Providing unique identifier of the content relative to a site

itteco / iframely

oEmbed proxy. Supports over 1800 domains via custom parsers, oEmbed, Twitter Cards and Open Graph

https://iframely.com

Other

1.52k stars 300 forks source link

Providing unique identifier of the content relative to a site #75

Open matuszeman opened 9 years ago

matuszeman commented 9 years ago

User story: As API user, I want to get unique ID of the content relative to a site.

Examples https://www.youtube.com/watch?v=XOmwZopzcTA&index=9&list=PL53194065BA276ACA ID: XOmwZopzcTA

https://soundcloud.com/jackedradio/afrojack-presents-jacked-radio-week-23 ID: 210140747

For a site where it's not possible to recognize system ID it would be based on a value from URL: https://soundcloud.com/jackedradio/afrojack-presents-jacked-radio-week-23 ID: jackedradio/afrojack-presents-jacked-radio-week-23

What do you think?

j0k3r commented 9 years ago

I like that !

iparamonau commented 9 years ago

Interesting. What would the use case for that feature be? Also, if we do it, say, for YouTube videos, what would should be returned for YouTube user profile pages?

... We have canonical URL in the response, I trust most people agreed to use it as identifier of the resource on the web, no?

matuszeman commented 9 years ago

Yes, canonical URLs seemed to be just what I needed but as I think about this feature more, it could be probably renamed to "Providing unique identifier of PRIMARY content relative to a site".

Example: https://www.youtube.com/watch?v=XOmwZopzcTA - represents a video page https://www.youtube.com/watch?v=XOmwZopzcTA&list=PL53194065BA276ACA&index=9 - represents exactly same video page in a playlist. I understand that both URLs above are just right as canonical URLs. Latter one is video in context of a playlist.

My use case is: User provides an URL, my app should be able to check if "primary content" reference does exist in my DB or not. Because of this, my idea was to use pair: site name and unique ID relative to that site.

iparamonau commented 9 years ago

We tried to find a better answer to this use case for 3 years. It pops up every couple months in one form or another. No luck so far.

Here's to show you the problem. Even for YouTube, if we give you ID for the video, it will be the same for two URLs: ?v=... and ?v=...&t=... - a timed embed, which would have a different embed code. For Google Maps it would be zoom levels, etc.

That just shows you can not trust IDs. And even canonical addresses, as actual URL context is essential for embeds. Besides, for short links (say, Bitly), it will be faster if you just let Iframely complete the processing than returning a re-direct to your app. Facebook does cache by og:url or canonical, but it comes at a cost of slower processing times.

We ended up making a decision that caching by exact URL will cover 99% of our use cases, and that it is good enough for us. At least for now.

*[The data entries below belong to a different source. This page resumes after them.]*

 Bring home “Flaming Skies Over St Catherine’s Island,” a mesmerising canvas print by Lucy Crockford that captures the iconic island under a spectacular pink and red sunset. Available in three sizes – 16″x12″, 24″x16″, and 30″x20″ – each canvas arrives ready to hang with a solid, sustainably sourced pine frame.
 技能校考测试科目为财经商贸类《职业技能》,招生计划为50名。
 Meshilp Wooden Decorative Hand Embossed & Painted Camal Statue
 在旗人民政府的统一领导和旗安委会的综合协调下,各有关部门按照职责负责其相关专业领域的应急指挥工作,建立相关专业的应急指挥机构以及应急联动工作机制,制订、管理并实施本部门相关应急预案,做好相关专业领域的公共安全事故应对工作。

matuszeman commented 9 years ago

That's actually what I'm after ... I want to be able to identify what content (uniquely identified per site) users share according an URL they provide. In my use case I don't care about zoom level nor time information - it just about identifying the primary content itself what in case of youtube video could be video ID or any unique identifier for such entity on the site.

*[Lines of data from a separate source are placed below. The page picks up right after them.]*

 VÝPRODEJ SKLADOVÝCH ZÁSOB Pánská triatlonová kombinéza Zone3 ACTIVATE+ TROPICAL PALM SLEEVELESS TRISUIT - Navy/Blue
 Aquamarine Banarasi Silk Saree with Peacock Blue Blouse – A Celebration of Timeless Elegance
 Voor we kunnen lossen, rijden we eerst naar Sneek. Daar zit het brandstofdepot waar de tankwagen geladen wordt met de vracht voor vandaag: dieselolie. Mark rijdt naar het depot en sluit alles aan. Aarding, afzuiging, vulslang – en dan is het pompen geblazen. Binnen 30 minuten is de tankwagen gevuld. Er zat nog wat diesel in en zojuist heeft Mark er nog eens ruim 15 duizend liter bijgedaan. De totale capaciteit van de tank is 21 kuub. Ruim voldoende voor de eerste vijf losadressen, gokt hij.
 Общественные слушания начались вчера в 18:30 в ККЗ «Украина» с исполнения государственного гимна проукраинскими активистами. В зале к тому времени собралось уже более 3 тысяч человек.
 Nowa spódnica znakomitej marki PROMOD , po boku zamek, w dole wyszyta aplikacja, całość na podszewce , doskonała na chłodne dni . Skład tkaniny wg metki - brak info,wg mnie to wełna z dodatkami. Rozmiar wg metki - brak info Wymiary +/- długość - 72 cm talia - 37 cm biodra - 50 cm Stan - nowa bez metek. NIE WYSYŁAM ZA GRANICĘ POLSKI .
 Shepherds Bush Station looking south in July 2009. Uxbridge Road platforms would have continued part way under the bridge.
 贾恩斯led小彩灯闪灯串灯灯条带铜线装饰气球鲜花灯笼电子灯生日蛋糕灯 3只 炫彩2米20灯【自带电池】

I'm new to iframely, but I checked https://github.com/itteco/iframely/blob/master/plugins/domains/youtube.com/youtube.video.js and it seems like it would be quite easy to provide this information from what we have already available there. Is there a documentation which I could use to learn more and maybe experiment a bit and contribute with a plugin?

iparamonau commented 9 years ago

For stats aggregation - I see your point. As for caching it doesn't make sense: you would still need to make a request to Iframely to get this ID.

Even for stats, canonical would be a better and more universal source. You could take a hash of it for better indexing. With "canonical" I mean meta.canonical that is returned in Iframely JSON, or oembed.url, as ideally it is the same for same video. Not the actual URL you send to APIs.

Now the problem with our YouTube plugin we have is that it doesn't give canonical address at all. We will be fixing it soon as well as making sure all other plugins give consistent response.

If you experiment with it in the meantime, you could check this unfinished doc on how to write plugins.

nleush commented 9 years ago

@matuszeman

You can add

getMeta: function(...) {
    return {ID:'...'};
}

for any plugin.

And result data will contain 'ID' in 'meta' section of response from that plugin.